Would you return the lines between the one holding "Проект одноэтажного дома" and the one holding "元地灯台⇒知床 2キロ 約30分 青い海と利尻富士が迫ってくる絶景で下り坂。", inclusive, and only those, exactly as they stand in the listing below?

Records shown Block Start

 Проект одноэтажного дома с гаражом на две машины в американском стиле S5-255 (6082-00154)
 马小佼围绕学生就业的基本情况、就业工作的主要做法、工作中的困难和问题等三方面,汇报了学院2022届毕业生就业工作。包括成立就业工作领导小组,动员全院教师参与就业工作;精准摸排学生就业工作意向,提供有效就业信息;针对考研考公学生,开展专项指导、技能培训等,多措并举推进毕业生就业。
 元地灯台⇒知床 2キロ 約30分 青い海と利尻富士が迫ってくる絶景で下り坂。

Records shown Block End
Records shown Block Start

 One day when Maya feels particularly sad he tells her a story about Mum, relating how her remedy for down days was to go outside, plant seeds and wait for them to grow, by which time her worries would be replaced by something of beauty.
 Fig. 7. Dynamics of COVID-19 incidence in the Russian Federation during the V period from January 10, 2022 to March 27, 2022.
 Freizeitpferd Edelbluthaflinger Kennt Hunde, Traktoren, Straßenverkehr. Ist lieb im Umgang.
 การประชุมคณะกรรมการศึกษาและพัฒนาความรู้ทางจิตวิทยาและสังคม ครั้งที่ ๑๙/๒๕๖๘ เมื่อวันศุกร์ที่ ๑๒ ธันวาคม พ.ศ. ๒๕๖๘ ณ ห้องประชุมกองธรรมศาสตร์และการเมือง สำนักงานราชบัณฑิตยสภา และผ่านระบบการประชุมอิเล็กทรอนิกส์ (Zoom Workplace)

Records shown Block End
Records shown Block Start

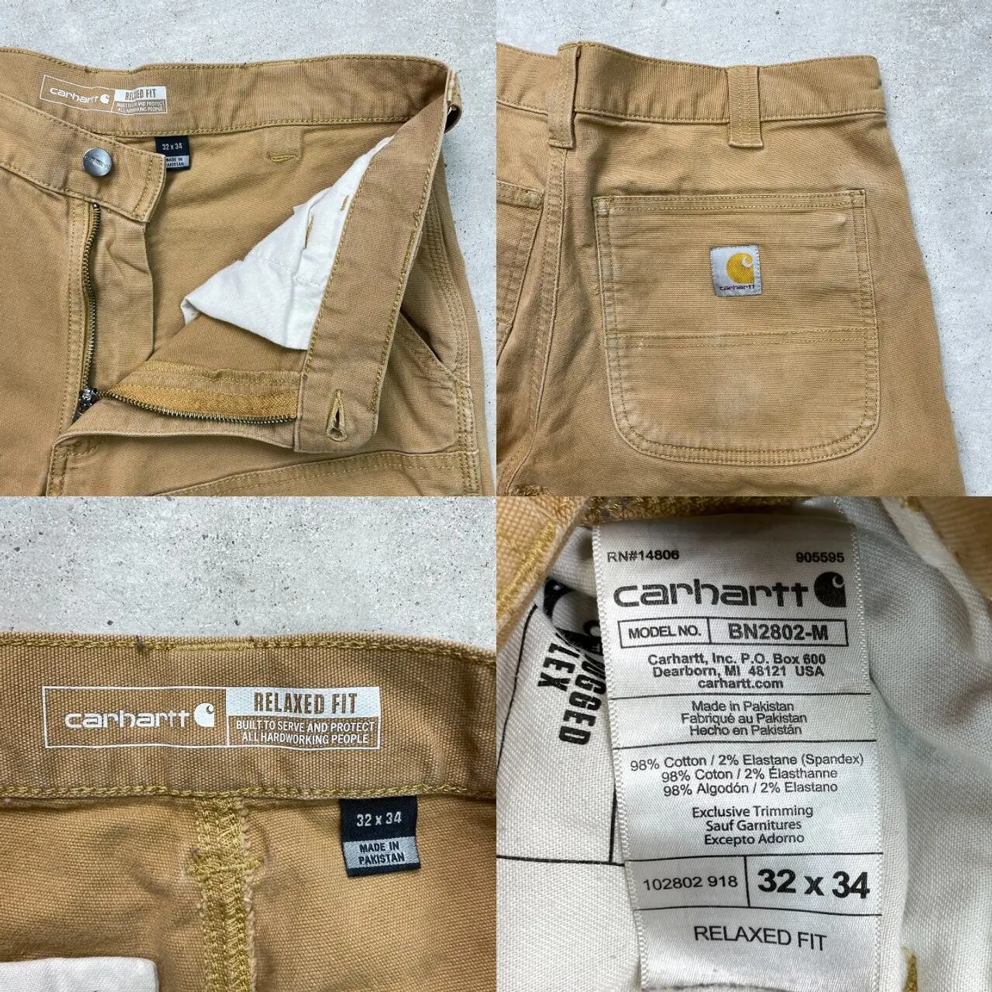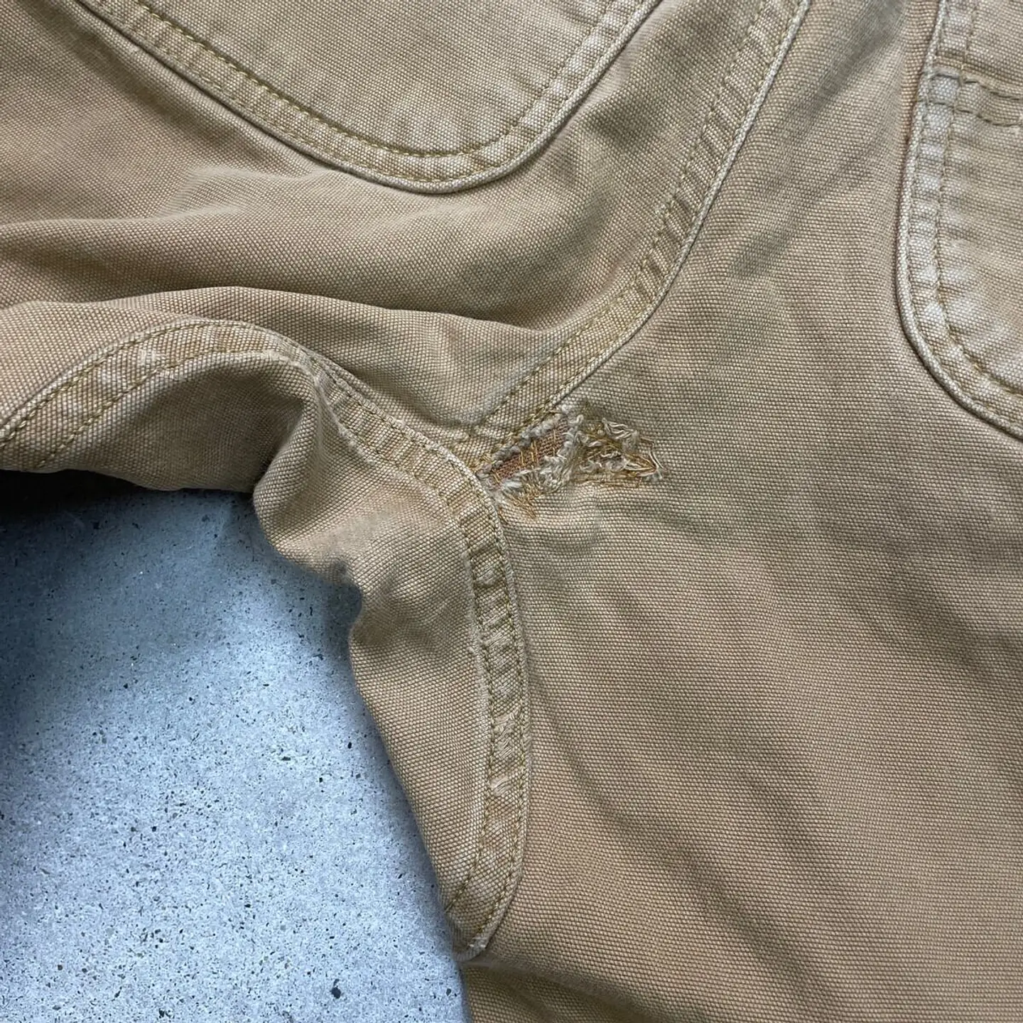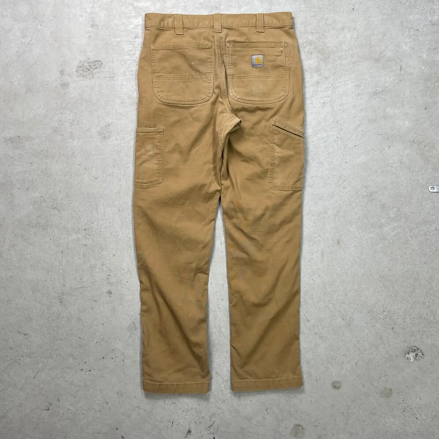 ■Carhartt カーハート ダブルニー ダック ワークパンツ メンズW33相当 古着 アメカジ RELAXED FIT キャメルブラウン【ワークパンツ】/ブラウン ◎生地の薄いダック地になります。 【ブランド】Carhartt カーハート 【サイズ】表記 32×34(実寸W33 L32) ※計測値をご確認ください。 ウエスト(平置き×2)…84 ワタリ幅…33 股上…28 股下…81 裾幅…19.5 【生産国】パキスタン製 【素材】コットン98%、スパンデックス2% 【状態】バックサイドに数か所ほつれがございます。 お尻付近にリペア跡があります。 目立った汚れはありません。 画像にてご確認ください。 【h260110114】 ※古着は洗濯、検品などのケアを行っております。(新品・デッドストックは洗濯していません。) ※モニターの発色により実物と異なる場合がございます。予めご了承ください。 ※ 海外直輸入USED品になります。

Records shown Block End

> Solution to this problem:
 Проект одноэтажного дома с гаражом на две машины в американском стиле S5-255 (6082-00154)
 马小佼围绕学生就业的基本情况、就业工作的主要做法、工作中的困难和问题等三方面,汇报了学院2022届毕业生就业工作。包括成立就业工作领导小组,动员全院教师参与就业工作;精准摸排学生就业工作意向,提供有效就业信息;针对考研考公学生,开展专项指导、技能培训等,多措并举推进毕业生就业。
 元地灯台⇒知床 2キロ 約30分 青い海と利尻富士が迫ってくる絶景で下り坂。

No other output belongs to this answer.